4 RESULTADOS E DISCUSSÕES

4.4 Eixo II Ações compatíveis com a Escola inclusiva

Falar sobre inclusão e acolher os alunos provenientes de famílias concebidas como incluídas no padrão cultural, é natural para a escola. No outro extremo, a exclusão de crianças e jovens é ratificada por não se identificarem com a cultura escolar, ou simplesmente, por não terem “conhecimentos prévios” é a fala mais usual. Esse é o caso da violência simbólica da qual fala Bourdieu (2013) que, além de privilegiar os já privilegiados, convence os demais de sua própria culpa diante dos fracassos e exclusões.

A inclusão perpassa pelas várias dimensões humanas, sociais e políticas, e vem gradualmente se expandindo na sociedade contemporânea, de forma a auxiliar no desenvolvimento das pessoas em geral de maneira a contribuir para a reestruturação de práticas e ações cada vez mais positivas: inclusivas, sem preconceitos e discriminação.

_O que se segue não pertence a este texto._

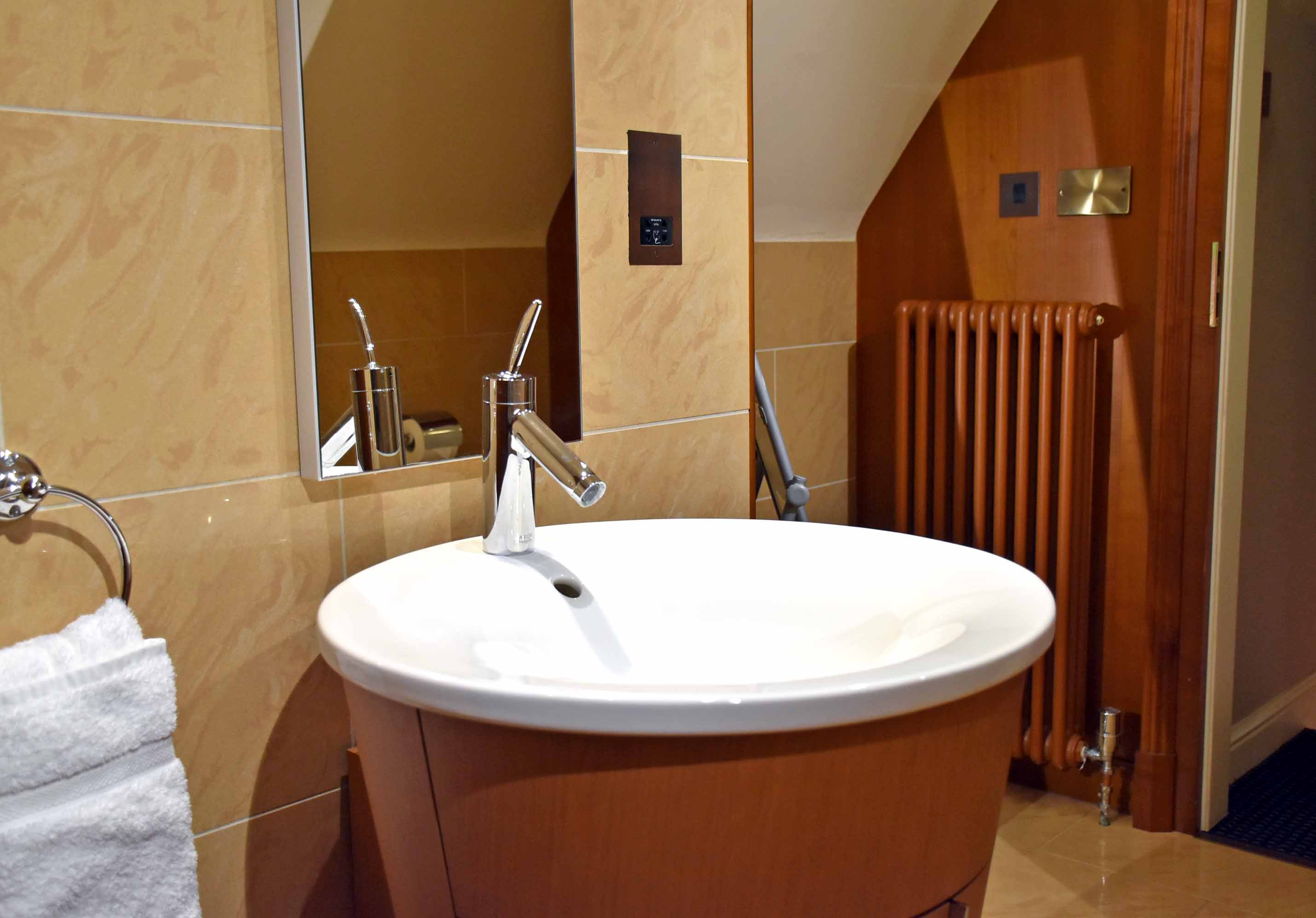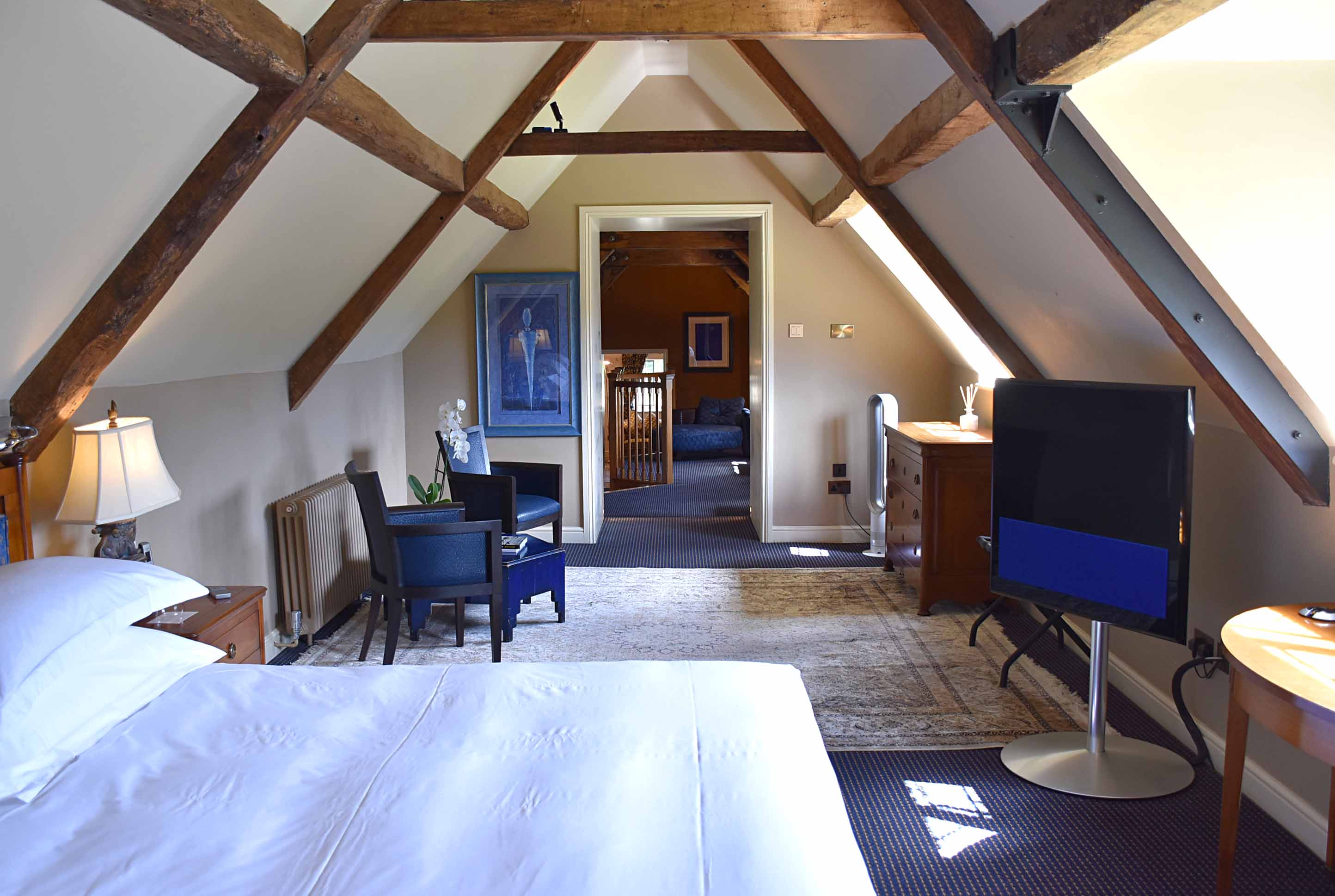 We were staying in room 24 – The Grand Suite. This gargantuan suite spans the second floor of the main house and is south-facing with some lovely views out over the Wiltshire countryside. As you enter the room you’ll find a lounge area with a concealed TV in the cupboard. Follow through to the landing and climb a couple of stairs you’ll discover a second seating area with writing desk and behind a small chaise lounge.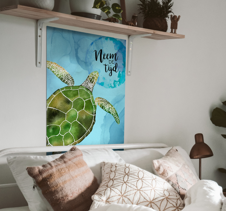 Waar wacht u nog op bestel meteen een poster neem de tijd schildpad super gemakkelijk op te hangen in bijvoorbeeld de woonkamer of slaapkamer!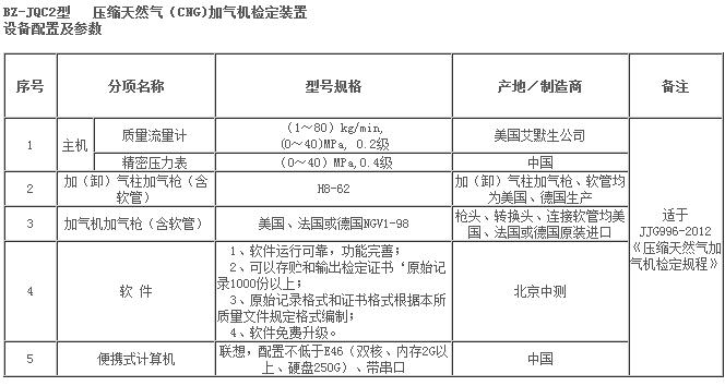 压缩天然气加气机检定装置主要技术参数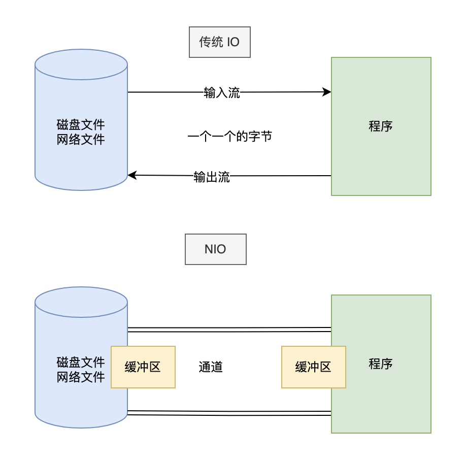 我这里先给大家展示一副传统 IO 和 NIO 的对比图,感受一下。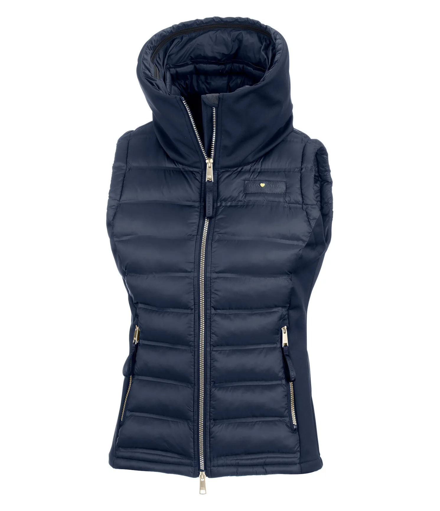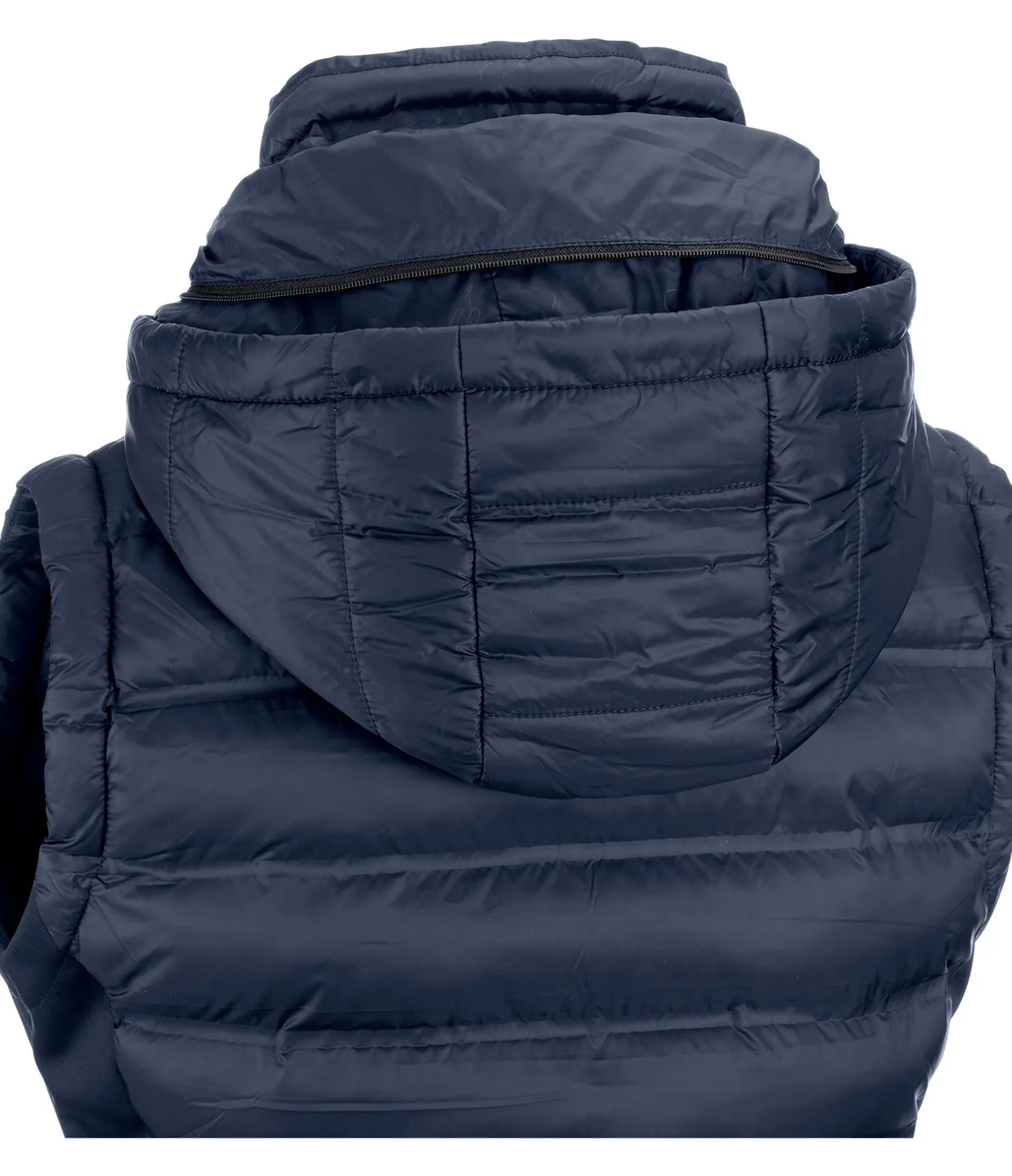 Superbe gilet en softshell extensible et nylon avec un garnissage très doux en imitation duvet devant et derrière. Coupe-vent. Double col et capuche rembourrée repliable dans le large col extérieur par fermeture à glissière, coutures thermosoudées, fermeture à glissière double sens avec sous-patte et protège-menton, 2 poches zippées devant. Logo élaboré sur la manche et le col. Avant, dos, col intérieur et capuche 100 % nylon, matière softshell 92 % polyester, 8 % élasthanne.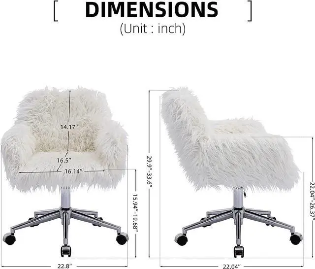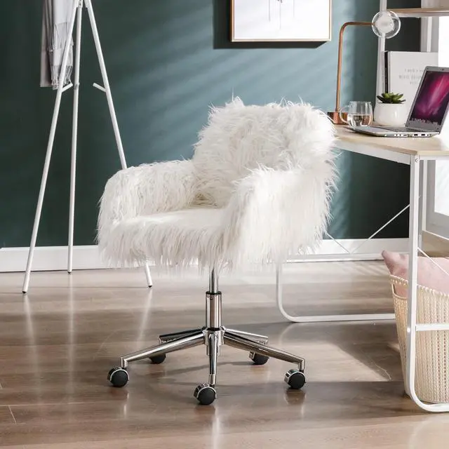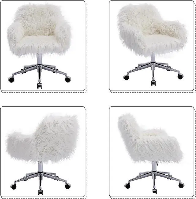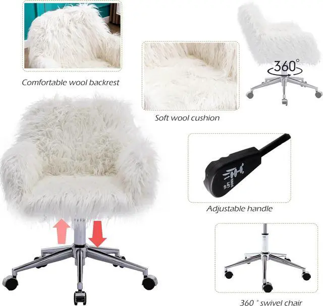 Unique & Beautiful Design: This stylish middle back fluffy desk Chair is made of high quality and comfortable long faux fur, which is not only beautiful and lovely, but also very soft and comfortable when you sit on it. It' s a good gift for girls women
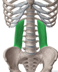- 기능 : bilateral contraction : fixes 12 ribs during inspiration, trunk extension / unilateral contration : trunk lateral flextion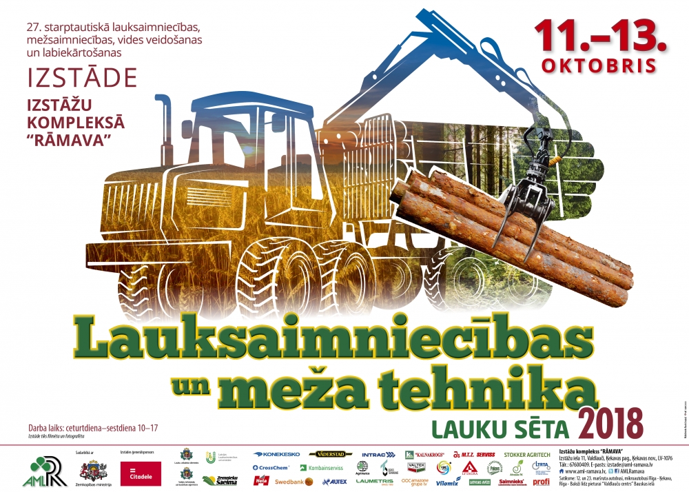 LLU dalība izstādē "Lauksaimniecības un meža tehnika. Lauku sēta 2018" Rāmavā Sākas 11.10.2018 10:00 Beidzas 13.10.2018 17:00 Vieta Izstāžu komplekss "Rāmava" Izstādes programma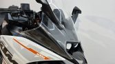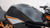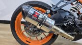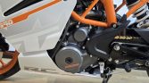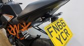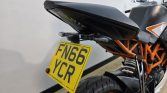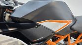 This particular RC390 comes with several choice upgrades that enhance its appeal. It features a clear screen for better visibility and aerodynamics, and is equipped with a clean full digital display providing all essential information. The rear end has been tidied up with a tail tidy, and it includes paddock stand bobbins for easy maintenance. Adding to its performance and sound, it features a fantastic Black Widow sports exhaust. Crucially, it provides modern safety with ABS (Anti-lock Braking System).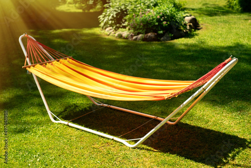 A rag hammock on the green grass.Relax in nature. Hammock on metal struts in the garden. Summer vacation at home.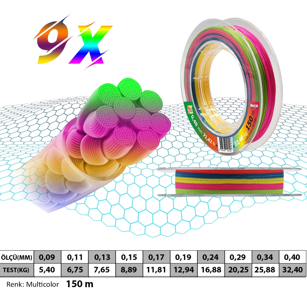 Mercan PE BRAID x9 150 M ip Misina Multicolor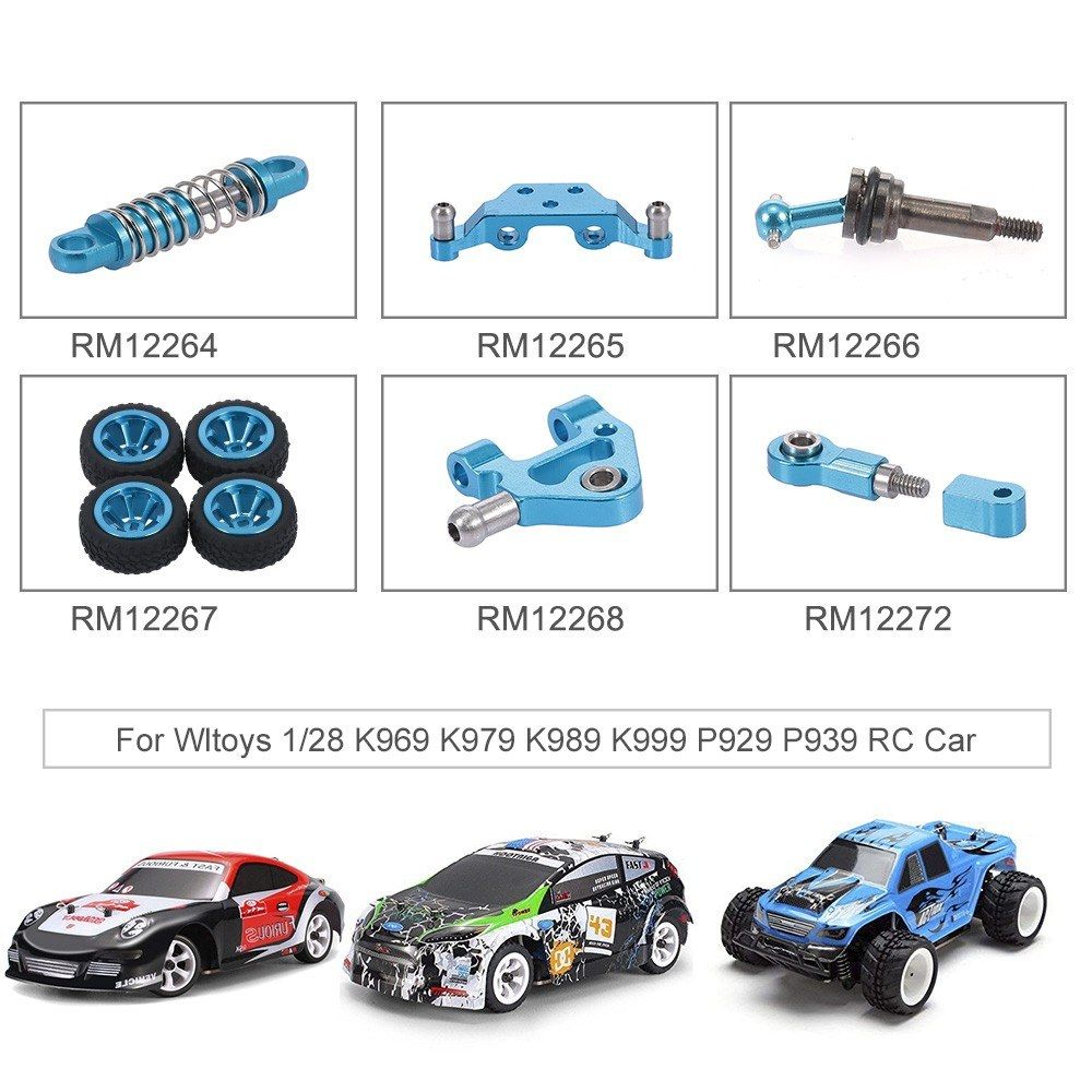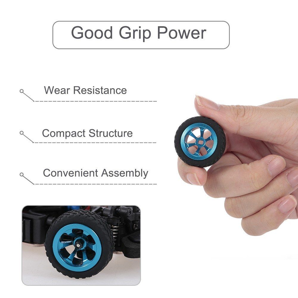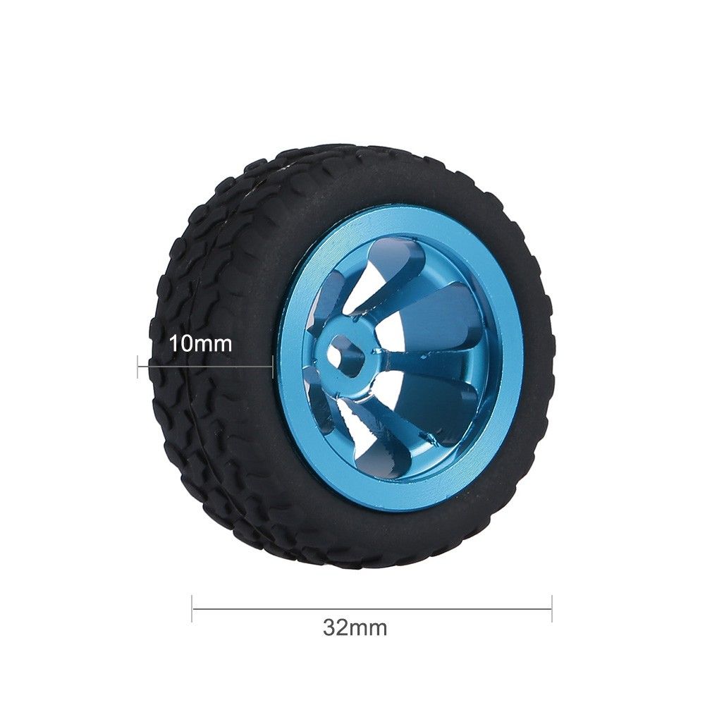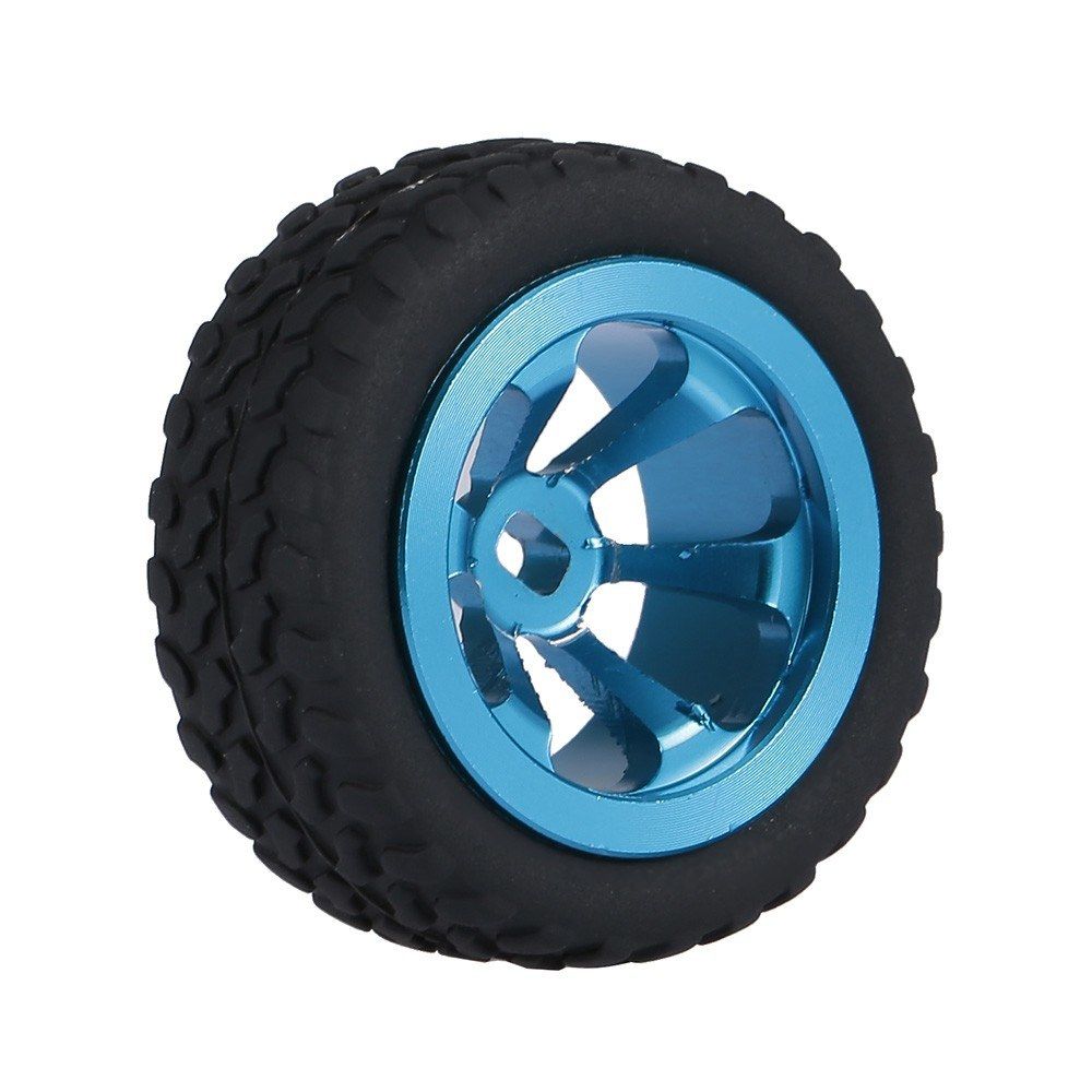 This tire set with stylish painted wheel hubs is professionally designed for 1/28 RC Car such as WLtoys K989 K999 K979. Made of high-quality Metal and Rubber, the tires are capable of effectively offering a stable driving even at a high-speed. Besides, they features exquisite craftsmanship and compact structure for anti-off capability of tires and convenient installation. They are a great spare parts for your 1/28 RC car.

Primeiro a gente tem que ter uma consciência de que ela [a escola] é de todos independente da maneira que o outro seja. Então, ela é uma escola de todos e uma escola para todos. A gente tem que ter essa consciência; segundo trabalhando que embora tenhamos características diferentes nós somos iguais enquanto raça humana, enquanto seres humanos e o respeito que é devido a um é também devido ao outro (Willian).

O dia-a-dia de uma escola pode ser o meio de dissipação ou dispersão de atitudes preconceituosas. Ressaltamos que a escola deva ser para todos e todas, mas não igual para todos. Assumir a situação, concebendo que a desigualdade existe é a base para uma mudança de atitude e equiparação dos direitos visando à igualdade de condições. Pois historicamente reconhece-se a existência do preconceito, mas em outros contextos temporais. Ele é visto sempre no passado. Como afirma Schwarcz (2012, p. 30): Todo brasileiro parece se sentir, como uma ilha de democracia racial, cercado de racistas por todos os lados.

A educação inclusiva propõe compreender e aceitar o outro na sua singularidade. Implica mudança de perspectiva educacional e abre horizontes para o desenvolvimento de sociedades mais justas. Dessa forma, pode–se dizer que a educação inclusiva é aceita quando se abandona a ideia de que as crianças devem se tornar “iguais” para contribuir para o mundo. Isso requer a superação da tradicional concepção antropológica de seres humanos ideais, pois como afirma Candau (2003) apresentam-se diversos estilos, crenças, costumes, cores, etnias.

Apontamos que a escola inclusiva não deveria fazer a distinção entre os seres humanos. No entanto, vivemos num mundo de padronizações e estereótipos.

O desenvolvimento de novas relações sociais permitirá, como afirma Cunha Junior (1998), perceber que o racismo, o preconceito e a discriminação são os malefícios que existem tanto na escola como na sociedade em geral, muitas vezes, mascarados e naturalizados e, outras vezes, assumidos explicitamente nas atitudes, nos valores e nas normas vigentes, presentes em nosso cotidiano. Essas manifestações são parte de um processo cruel de dominação, que oprime a cultura dos grupos sociais considerados dominados entre nós, como os negros e os indígenas (entre outros). Nestes termos, cabe a equipe escolar como um todo exercitar os preceitos da Lei 10.639/2003, que assegura que nos estabelecimentos de ensino fundamental e médio, oficiais e particulares, torna-se obrigatório o ensino sobre História e Cultura Afro-Brasileira (Art. 26-A, §1º).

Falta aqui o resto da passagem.